Backhaul and other methods will need to improve substantially to address this satisfactorily for large enterprises.
While some big data will be single function, many of the more intriguing possibilities requires a lot of cooperation across the business and with external vendors, not at easy task. It also means infrastructure, ops, and development must be part of the same team and used to working together. While calculating cloud computing costs, the terms “CapEx” and “OpEx” are often raised, but both the definitions and the advantages of the two are often. There are a number of root causes: The blistering pace of external innovation, the divergent path the consumer world has taken from enterprise IT, and the throughput limitations of top-down adoption. However, these days it's technology advancements and new digital markets that are often the key to an organization's future.

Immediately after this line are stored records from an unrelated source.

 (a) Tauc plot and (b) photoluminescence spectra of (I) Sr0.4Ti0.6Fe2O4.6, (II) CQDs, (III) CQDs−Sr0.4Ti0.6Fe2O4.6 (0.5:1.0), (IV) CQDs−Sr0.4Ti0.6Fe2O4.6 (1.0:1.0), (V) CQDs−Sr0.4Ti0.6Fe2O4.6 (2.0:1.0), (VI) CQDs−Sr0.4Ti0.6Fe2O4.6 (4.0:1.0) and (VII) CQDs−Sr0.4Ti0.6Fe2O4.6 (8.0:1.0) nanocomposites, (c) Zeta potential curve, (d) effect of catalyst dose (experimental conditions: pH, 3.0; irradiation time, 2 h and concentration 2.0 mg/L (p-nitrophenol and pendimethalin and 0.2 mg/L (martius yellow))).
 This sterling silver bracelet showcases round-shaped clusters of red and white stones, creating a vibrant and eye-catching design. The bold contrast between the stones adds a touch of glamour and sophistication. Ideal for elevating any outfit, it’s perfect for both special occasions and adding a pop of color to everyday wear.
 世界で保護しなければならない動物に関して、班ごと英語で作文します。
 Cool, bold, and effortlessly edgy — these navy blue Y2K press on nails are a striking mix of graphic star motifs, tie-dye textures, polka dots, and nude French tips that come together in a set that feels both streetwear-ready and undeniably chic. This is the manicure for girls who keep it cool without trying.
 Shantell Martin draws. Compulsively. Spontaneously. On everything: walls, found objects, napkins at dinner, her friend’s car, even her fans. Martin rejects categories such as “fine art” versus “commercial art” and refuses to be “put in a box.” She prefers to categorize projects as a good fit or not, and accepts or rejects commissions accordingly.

We agreed that these five -- of all current tech trends -- are at top of the list for what most organizations need to be planning for in their current strategies and roadmaps as they update and modernize, as well as (hopefully) out-innovate their competitors. There are exceptions, but in most organizations, technology decisions are made at high levels and then pushed across the organization. OpEx – A Quick OverviewFor those of us who shied away from accounting classes in college, here’s a quick overview.

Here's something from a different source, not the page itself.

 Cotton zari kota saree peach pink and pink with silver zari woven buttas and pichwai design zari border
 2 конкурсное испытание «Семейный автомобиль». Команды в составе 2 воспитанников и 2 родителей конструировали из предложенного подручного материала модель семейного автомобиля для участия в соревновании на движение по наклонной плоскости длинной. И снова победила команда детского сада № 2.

It requires payment for the entire asset and the cost becomes an entry on the company’s balance sheet, depreciated over some period of time. Some examples of capital expenditures include buildings, computer equipment or a company car.OpEx (Operational Expenditures) These expenditures are associated with operating the business over a short period, typically a year. All payments during this year count against the income statement and do not directly affect the balance sheet. Some examples of operating expenditures include sales, utilities and rental car fees.With the explosion of data and mobile apps, companies are challenged to determine what resource requirements are necessary to successfully migrate and operate in the cloud – today and in the future. Many don’t want to pay a flat fee to build and maintain their own data centers since they may need to “spin up” or scale back their virtual machine (VM) capacity based on market demands (for example, during “Black Friday” for retailers or peak travel dates for airlines), short-term testing, or short-lived business initiatives. Cloud service providers allow organizations to adopt a “pay as they go” or OpEx model, which allows companies to engage the resources and expertise of cloud hosting experts, pay for what they use, and realize potential cost benefits throughout the year.Rather than just selling hardware, speeds and feed, cloud solutions partners need to be adept at anticipating and addressing their customers’ changing resource requirements.
AT HOSTING, our enterprise cloud solution architects possess a solid blend of business acumen and superior technical skills. Leveraging proprietary tool sets, they run tests in your environment prior to migration to fully understand your current and future resource requirements. After your cloud migration is complete, they continuously monitor utilization and adjust resource allocations as needed to minimize or even eliminate unnecessary capacity.
Committed to helping organizations achieve success in the cloud, she covers a variety of topics including: managed third party clouds, healthcare IT, Big Data, mobile technologies and cyber security.
When not creating content for HOSTING, Allison can be found on a golf course, fervently working on her short game.